The current FR 2248 authorized panel size is 70 finance companies. The reporting panel for the FR 2248 will be drawn from the sample of finance companies that respond to the Census of Finance Companies (FR 3033p; OMB No. 7100-0277). With the proposed revisions, the authorized panel size would increase to 150 finance companies.


Frequency


The Federal Reserve will retain the monthly frequency, with some data items continuing to be reported only for the quarter-end months.


Consultation Outside the Agency


On November 6, 2013, the Federal Reserve published a notice in the Federal Register (78 FR 66714) requesting public comment for 60 days on the extension, with revision, of this information collection. The comment period for this notice expired on January 6, 2014. The Federal Reserve did not receive any comments. On January 15, 2014, the Federal Reserve published a final notice in the Federal Register (79 FR 2658) implementing the revisions as proposed, effective with the January 31, 2014, report date.


Time Schedule for Information Collection and Publication


The majority of survey respondents submit their FR 2248 data monthly to the Federal Reserve Banks. Other finance companies in the panel submit their data directly to the Board on a monthly basis. Respondents submit quarterly data for quarter-end months only.

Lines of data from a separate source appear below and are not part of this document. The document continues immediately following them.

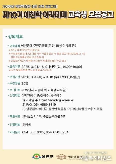 서울복지타임즈 이재연 기자 | 예천군은 2026년 상반기 ‘예천학 및 예천학 리더십 아카데미’ 교육생을 18일까지 모집한다.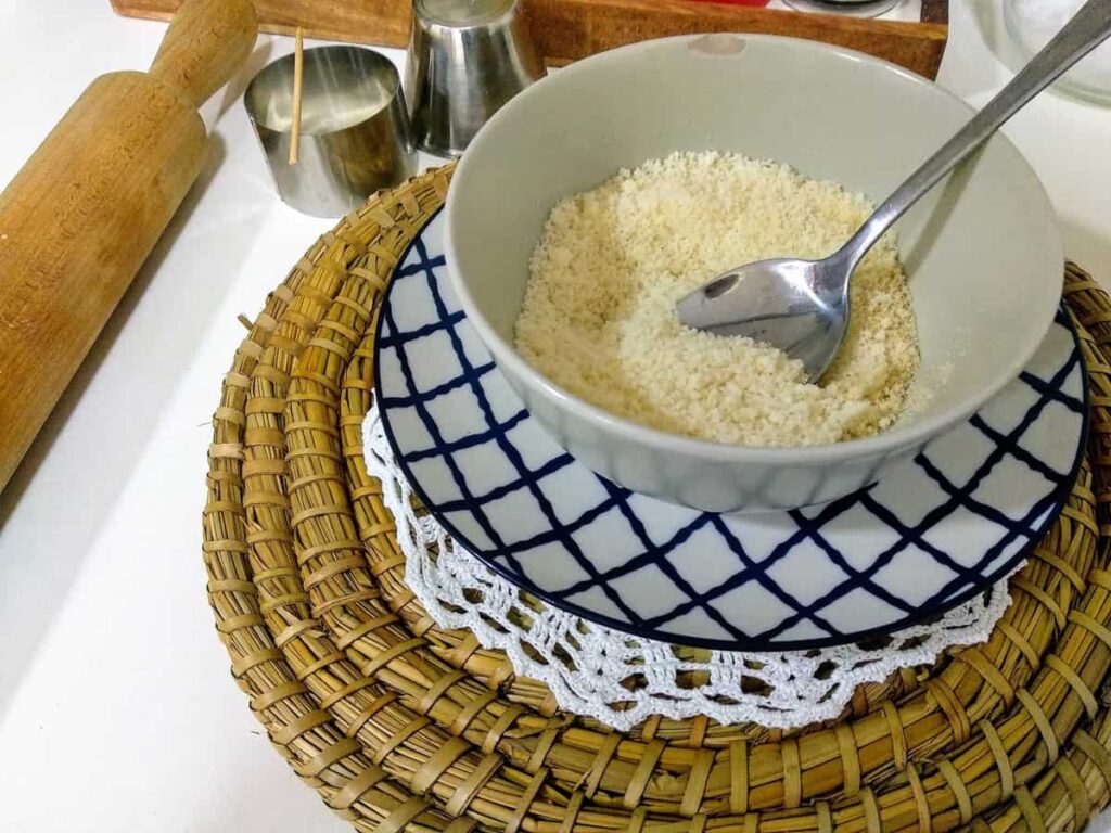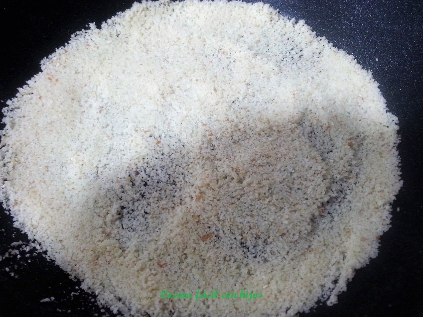 Para elaborarlo tenemos que usar un queso maduro: manchego, parmesano, grana padana…, es decir un queso con cuerpo, que vamos a utilizar rallado. A este queso le vamos a añadir un poquito de pan rallado y pimienta, puedes utilizar otras especias que te gusten: pimentón, orégano, ajo en polvo…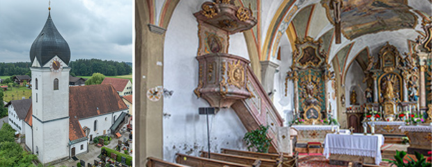 Die Kirche St. Leonhard stammt aus der Mitte des 15. Jahrhunderts und wurde zuletzt in den 1940er-Jahren generalsaniert. Vor allem an der barocken Ausstattung und am Kirchturm hat die Zeit deutlich sichtbare Spuren hinterlassen. Die größte Herausforderung sind jedoch die statischen Probleme am Dachstuhl. Den Großteil der Kosten für die Sanierung tragen der Freistaat und das Erzbischöfliche Ordinariat. Großzügige Zuschüsse kommen zudem von der Gemeinde Ramerberg sowie von der örtlichen Kirchenstiftung, die über Jahrzehnte Spenden für die Sanierung gesammelt hat.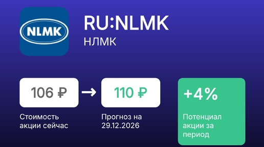 Прогноз по акции НЛМК Прогнозная цена: 110 ₽ (+4%) Рекомендация: Держать Дата прогноза: 29.12.2025 Прогноз до: 29.12.2026 Инвест-компания: Т-Инвестиции Автор прогноза: Команда аналитиков Ещё рекомендации на сегодня → ••••• 🔥 Получайте более 400 свежих прогнозов по акциям каждый день...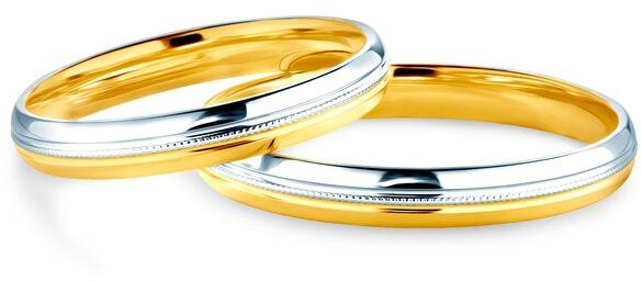 Esküvői karikagyűrűk: kétszínű arany, félkarika, 3 mm

To help ease the reporting burden on respondents, any semiannual special addendum questions would be sent to the respondents approximately three weeks in advance of the report as-of date. This advance notice would allow the respondents to submit the addendum data along with their regular monthly data. The data are edited and transmitted to the Board for central processing. All data are due at the Board on the 18th business day after the end of the month. Aggregate data are published in the Board's monthly statistical releases Consumer Credit (G.19) and Finance Companies (G.20), in the quarterly statistical release Flow of Funds Accounts of the United States (Z.1), and in the Federal Reserve Bulletin (Tables 1.51, 1.52, and 1.55).


Sensitive Questions


This collection of information contains no questions of a sensitive nature, as defined by OMB guidelines.


Legal Status


The Board's Legal Division has determined that the FR 2248 is authorized by law (12 U.S.C. §225(a)) and is voluntary. Individual respondent data are confidential under section (b)(4) of the Freedom of Information Act (5 U.S.C. §552).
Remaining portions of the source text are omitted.